# Covering theorems#

We will use $$B(x,r)$$ to denote the closed ball in a metric space $$X$$ centred at $$x\in X$$ with radius $$r \geq 0$$. Since the centre and radius of a ball are not uniquely defined by its elements, formally by a “ball” we mean a pair $$(x,r)\in X \times (0,\infty)$$, but in practice we mean the set of its elements.

Lemma 4 ($$5r$$ covering lemma)

Let $$X$$ be a metric space and $$\mathcal B$$ an arbitrary collection of closed balls of uniformly bounded radii. There exists a disjoint sub-collection $$\mathcal B'\subset \mathcal B$$ such that any $$B\in \mathcal B$$ intersects a ball $$B'\in\mathcal B'$$ with

$\operatorname{rad}B'\geq \operatorname{rad}B/2.$

In particular,

$\bigcup_{B\in \mathcal B'}5B \supset \bigcup_{B\in \mathcal B}B.$

Here, $$5B$$ denotes the ball with the same centre as $$B$$ and 5 times the radius.

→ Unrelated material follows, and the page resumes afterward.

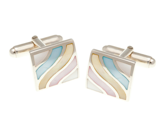Elegantní stříbrné manžetové knoflíčky s jemnými barevnými vlnkami z perleti v dárkové krabičce zdarma.

Proof. For each $$n\in \mathbb Z$$ let

$\mathcal B_n = \{B\in \mathcal B: 2^n \leq \operatorname{rad}B < 2^{n+1}\}.$

Since the balls in $$\mathcal B$$ have uniformly bounded radii, the $$\mathcal B_n$$ are empty for all $$n> N$$, for some $$N\in\mathbb N$$. Let $$\mathcal B'_N$$ be a maximal disjoint sub-collection of $$\mathcal B_N$$. That is, the elements of $$\mathcal B'_N$$ are disjoint elements of $$\mathcal B_N$$ and if $$B\in \mathcal B_N$$, there exists a $$B'\in\mathcal B'_N$$ with $$B\cap B'\neq \emptyset$$. (In general such a maximal collection exists by Zorn’s lemma. See also Exercise 42.) Let $$\mathcal B'_{N-1}$$ be a maximal collection such that $$\mathcal B'_N\cup \mathcal B'_{N-1}$$ is a disjoint collection. Repeat this for each $$i\in \mathbb N$$, obtaining a maximal collection $$\mathcal B'_{N-i}$$ such that $$\mathcal B'_N\cup \ldots \cup \mathcal B'_{N-i}$$ is a disjoint collection, and set $$\mathcal B'=\bigcup_{n\leq N}\mathcal B'_n$$.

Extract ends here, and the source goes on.